Not garbage... "curriculum"...

I have the same flaw as you Spec..... When I explain something to a newbie.. I can guarantee that its like I'm explaining rocket science to a two year old.... I should know better...

Here's a scenario...

My son came to me one day and told me his computer wouldn't start!!

I went to his room to find the Bios screen in fail mode..
On inspection I found the CMOS battery deader than a doornail!!

I went back down to him ( and here's the thing )
" Your CMOS battery is flat"..
He said "Okay! what does that mean.."
I said " Your CMOS battery is flat"..
He said "Okay! what does that mean.."
I said " Your CMOS battery is flat"..
Yada yada yada.
He said "You can repeat CMOS to me all day long, I haven't a clue what that is."

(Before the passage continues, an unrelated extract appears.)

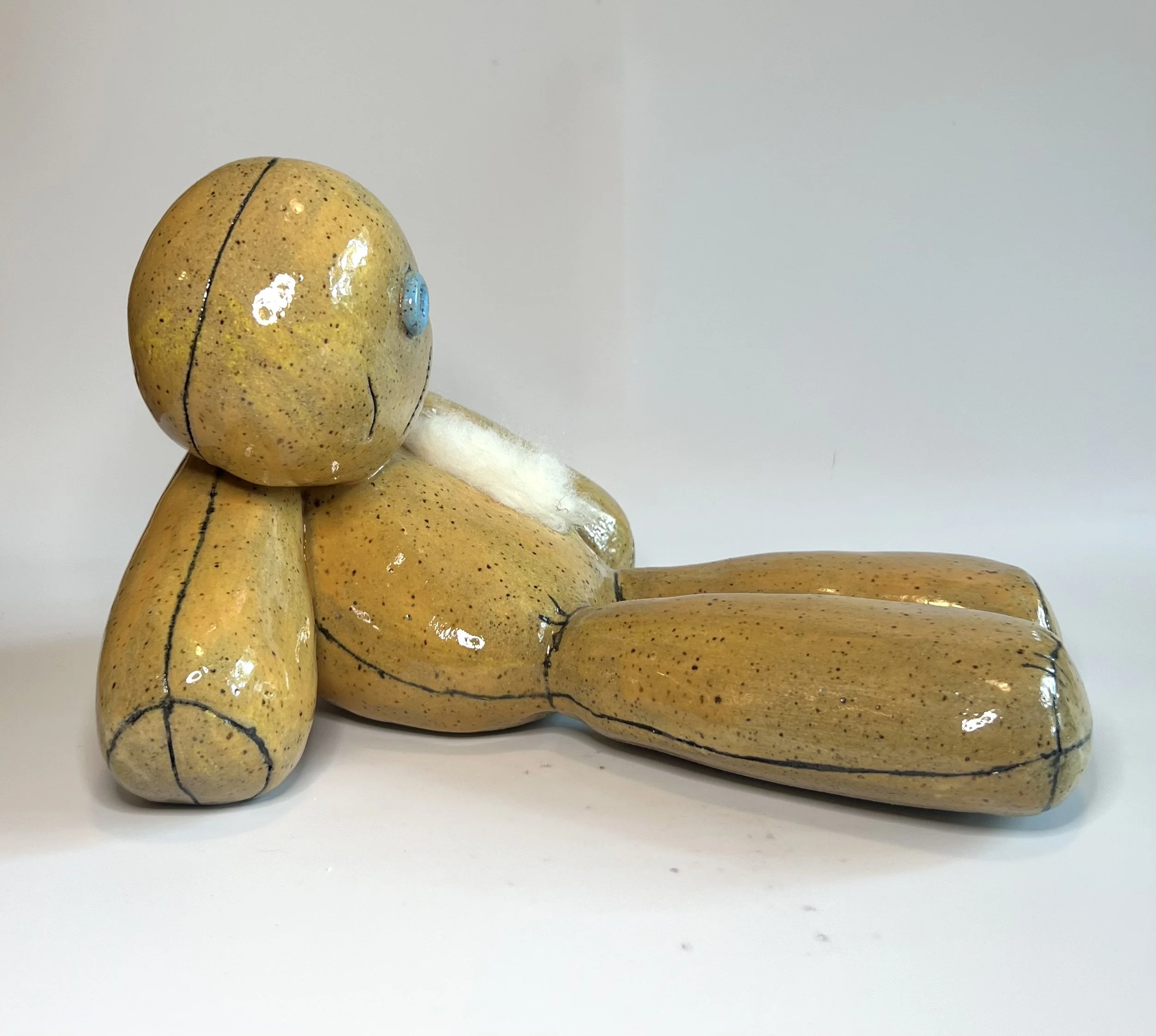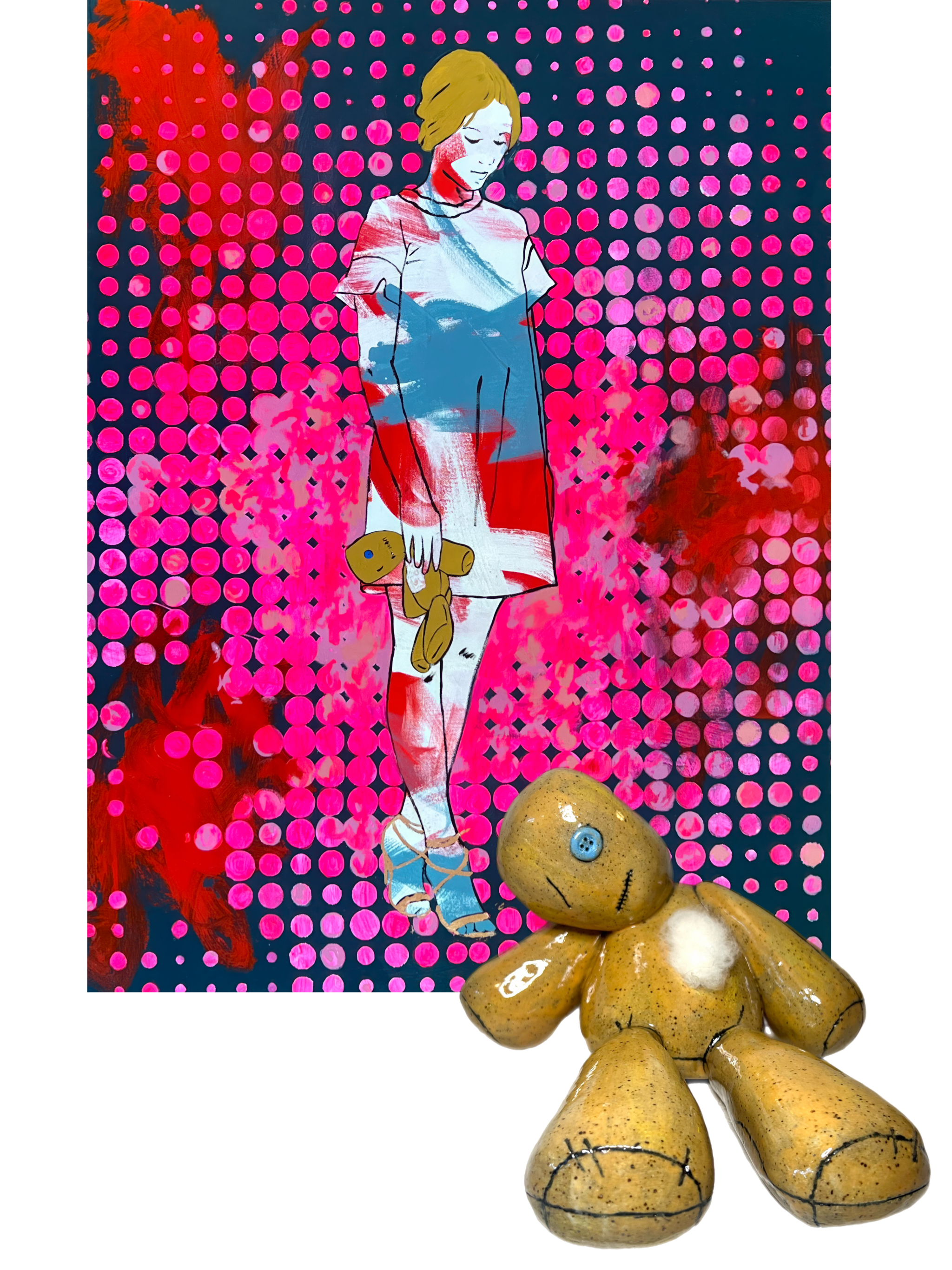 I had wanted to make Little Dude for awhile. It wasn’t enough to paint him (in “Falling Away from Me”) - I needed a more tactile experience. Korn’s Issue’s album has been my unofficial music theme for my college years- years of learning, discovering, messing up…. it embodies that time for me. The image of the simple doll, beat up, stuffing coming out presents so many narratives for so many. For me, it was the time and space I still felt like a kid, was supposed to act like an adult- but kept messing up, was so unsure about virtually everything in my life.

What I thought everyone must know, well sometimes they don't...

Eric's right... In most cases we must assume no / little knowledge.. Even if they are building a replacement human brain...
 

Rather what I have dealt with as well only the problem with dealing with adults online is too many feel that since they have spent years of their life on a computer that means they know more about them than than anyone else including an actual computer tech so blustering fits of stupidity come out like someone declaring that because they spent the last 20 years of their life playing candy crush and are now at level 900 they obviously know more than you do for your 3 - 4 years of being a computer technician, who doesn't even play candy crush, and thusly no one else should ever listen to you about anything you say regarding computer related service work.